First, because it’s just another external user, and because we’re already loath to make breaking changes, we should never find ourselves making changes to our code that require us to also change our test suite. Such changes would potentially break other external users too. As a result, our test suite should never become “fragile” and get in the way of our development. It might even be a helpful reminder that a change would be a breaking one. After all, external users are, well, external and not always easily visible.

Second, one of the things that helps us design code well is having a good sense of how it will be used. One of the biggest rules of thumb we hear (and I agree with) is usually some kind of “rule of three.” That is, once you have three users of a potential abstraction, you can start to see what that abstraction should really look like. Testing gives us a second user. (Or for those instances we’re writing something bottom-up, testing might give us our first user!) This is a big part of the potential that testing has for improving the design of code. However, it doesn’t necessarily do so, just as any old additional user of an abstraction doesn’t necessarily tell us anything helpful about our design.
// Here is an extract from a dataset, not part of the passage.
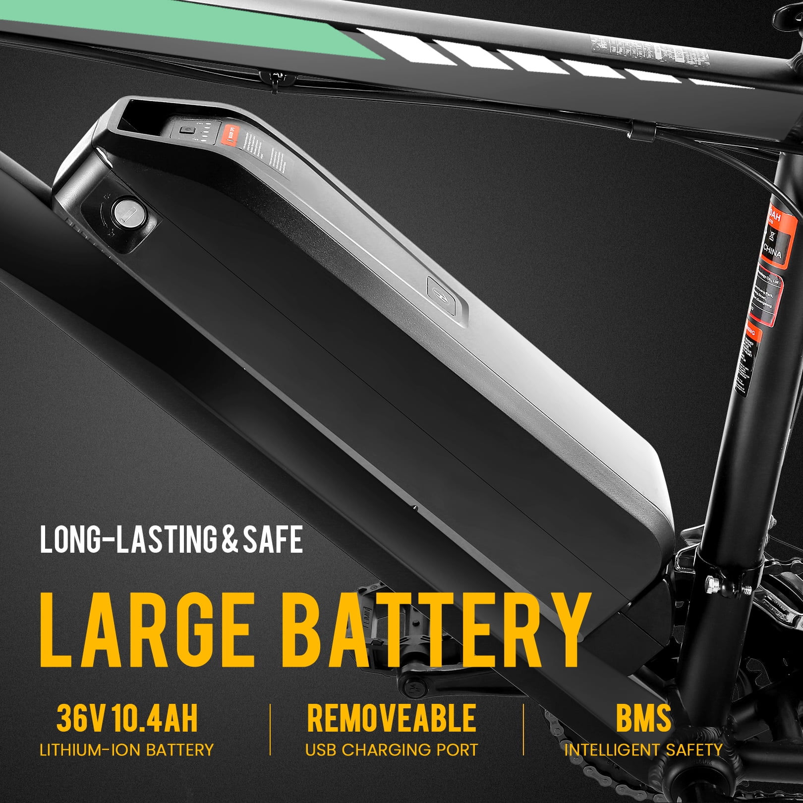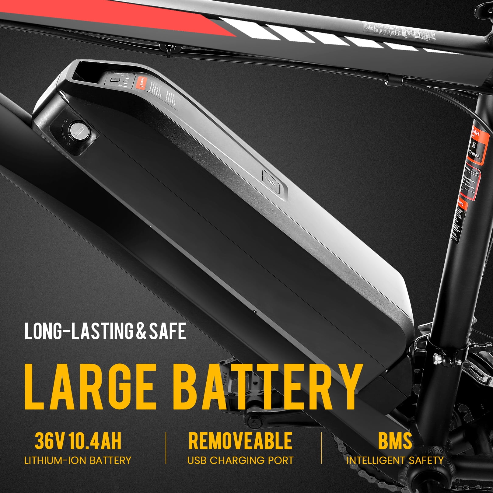 ��Powerful Motor & Removable Battery��This electric mountain bike is equipped with a powerful 350W motor, which can reach a top speed of 19.8mph when riding, and can easily pass a 15�� grade. 36V 10.4Ah 374.4Wh removable lithium-ion battery can support the e-bike to ride 48-50miles in pedal-assisted mode, and 28-30miles in electric mode. The removable battery can be removed and brought to your home or office for charging. The removable battery can be taken down and charged at home or in the office.

The danger: fragile test design

System boundaries are not always hard distinctions. Harder system boundaries are actually exposed to external users. But very light system boundaries might simply be the public methods of a class internal to an application. In my experience, the general usefulness of a test suite (for design purposes) is proportional to the hardness of the system boundary it is testing. The reason isn’t so much that test suites are more effective on system boundaries, but rather than (a) system boundaries are more important and (b) system boundaries are less fragile.

I’ve mentioned before the idea of wizardry vs engineering. (Recap: engineering is about maintenance while wizardry is about getting things done, and we’re bad at transitioning spells into well-engineered code.) One of our tendencies is to resort to over-testing as a means to insulate ourselves from the capriciousness of wizarding code. So much of what’s supposed to happen gets left implicit (which is what typically makes wizardy what it is) that in order to recover some understanding of what the code should do, we have to resort to tests. The tests serve as machine-checked documentation and examples from which we can try to recover an understanding of the system.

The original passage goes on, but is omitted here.